Article by Tristian Goik.
Why do people get together? Is it to find solace? Is it to talk about the return of “Community?” Or is it so they can bum a cigarette? We may never know the answer to these important questions, but I thought about it while attending the opening cocktail reception of The Productive.
The idea behind this exposed brick and hardwood floor loft would be that certain people need a space to work; one that they cannot find in their less than perfect homes or offices. It is hard to animate when you have a roommate with noisy lovers or an overly concerned mother invading your ‘space.’ It is also hard to animate if your job’s computer has evil monitoring software or renders out peculiar codecs that choke up on other people’s laptops. But you might find it easier to animate at a nice row of desks, working together on art in separate ways.
The Productive offers a range of membership plans, ranging from short to long-term commitments, from $130-$270. You will need references.

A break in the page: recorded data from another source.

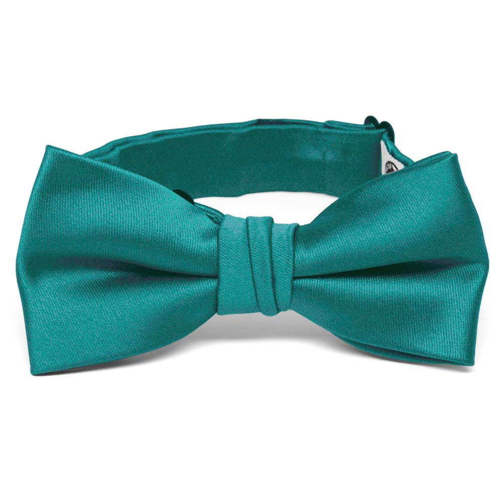 Add a pop of elegance to your jewel-tone wedding with this boys' oasis bow tie. The rich blue-green hue is the perfect statement piece, whether paired with modern gray or navy blue groomsmen suits for a contemporary vibe, or with classic black suits for a timeless look. Want to mix and match tie styles among your wedding party? No problem—this versatile color comes in a variety of men's styles, lengths, and widths.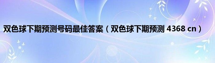 大家好,小问来为大家解答以上问题。双色球下期预测号码最佳答案,双色球下期预测 4368 cn这个很多人还不知道,现在让我们一起来看看吧!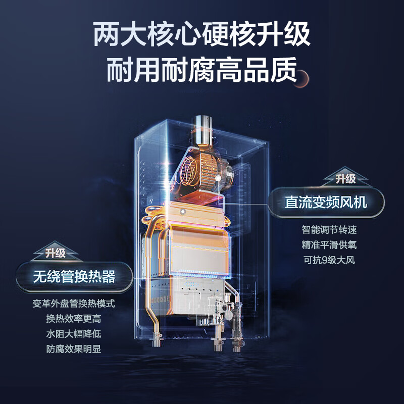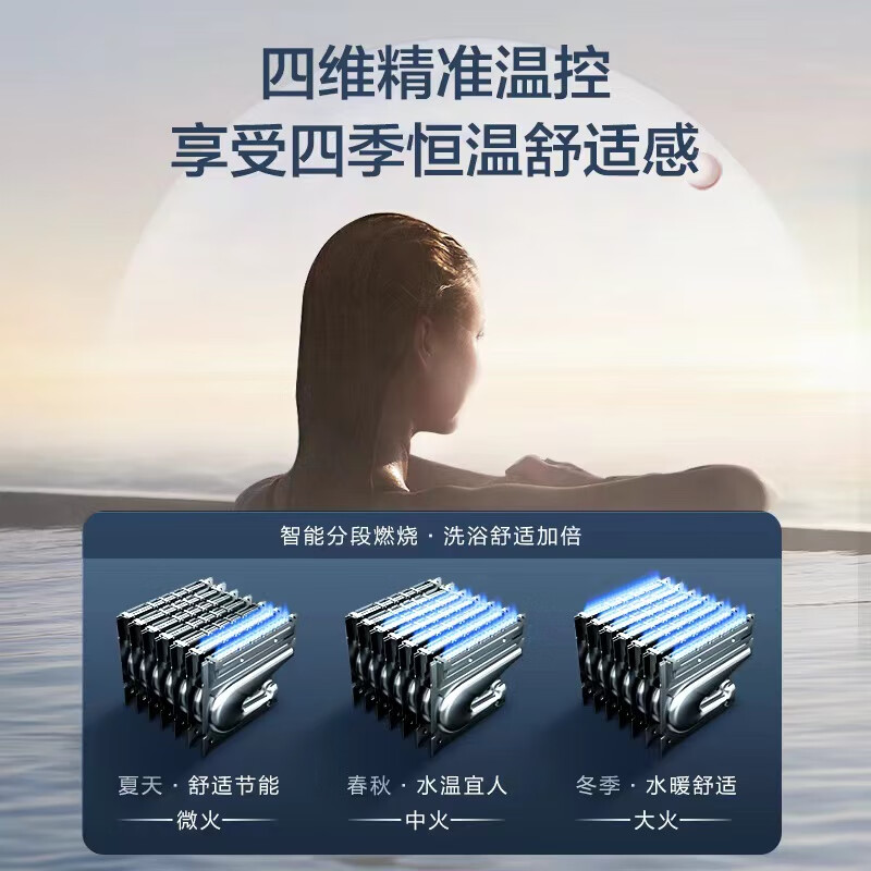 本机语音智能,双增压零冷水,磁净抑垢洗,玻璃全面屏,小巧节能省气,双增压水量可增至150%,循环增压泵动力强劲,大水量酣畅沐浴,循环速度提升38%,循环省时38%,耗气量少,节能省气节能可视化,耗气比心中有数,拒绝浪费。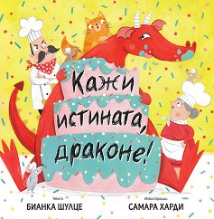 "Помощ! Къде да скрием тортата?"Ах, каква хубава торта! Нашият любим дракон е голям тортоядец и веднага ще я излапа! Докато сладкарите се мъчат да я скрият, децата, които четат тази книга, ще трябва да разсейват лакомника - да му говорят, да му попеят, дори да му потанцуват... Но огнедишащият хитрец успява да намери тортата, отхапва си голямо парче и обвинява котарака за наръфания сладкиш. О, не! Как е възможно! Дали драконът ще си признае, че е набедил своя приятел? Дали ще се разкае? В извинението му ще участват и децата. Помощта им е много важна,защото да се извиниш, не е лесна работа... Илюстратор: Самара ... |

If you do secure a computer, you will find the standard helpful array of graphic software, along with a scanner, conference room, printer, and tea. At the opening last Thursday, I sipped a Cucumber Collins and chatted with The Singing CPA, who reminded me that any membership would obviously be an expense you can write off.
Milling around The Productive, which was nicely decorated with Christmas lights, a jazz band, and giant glass tubes of veggie-fruit-alcohol, I tried to imagine myself working there. With alcohol supported drishti, I cloned out the crowd of my friends and cute new acquaintances and added in a row of studious animators. The biggest change I could see it would have on my work would be that it would expose me to outside criticism, which is always a plus even if it irritates the hell out of me. There isn’t much for me to say about The Productive because the intrinsic value of the space should be fairly obvious, and it only begs you to examine your own life to see if your art could benefit from a change in space.
Susan Godfrey is the godmother of The Productive, and many people at the party seemed genuinely proud of her accomplishments. Her opening reception brought together not just animators, but illustrators, photographers, voice actors and programmers. Imagine what they could accomplish sharing the same table.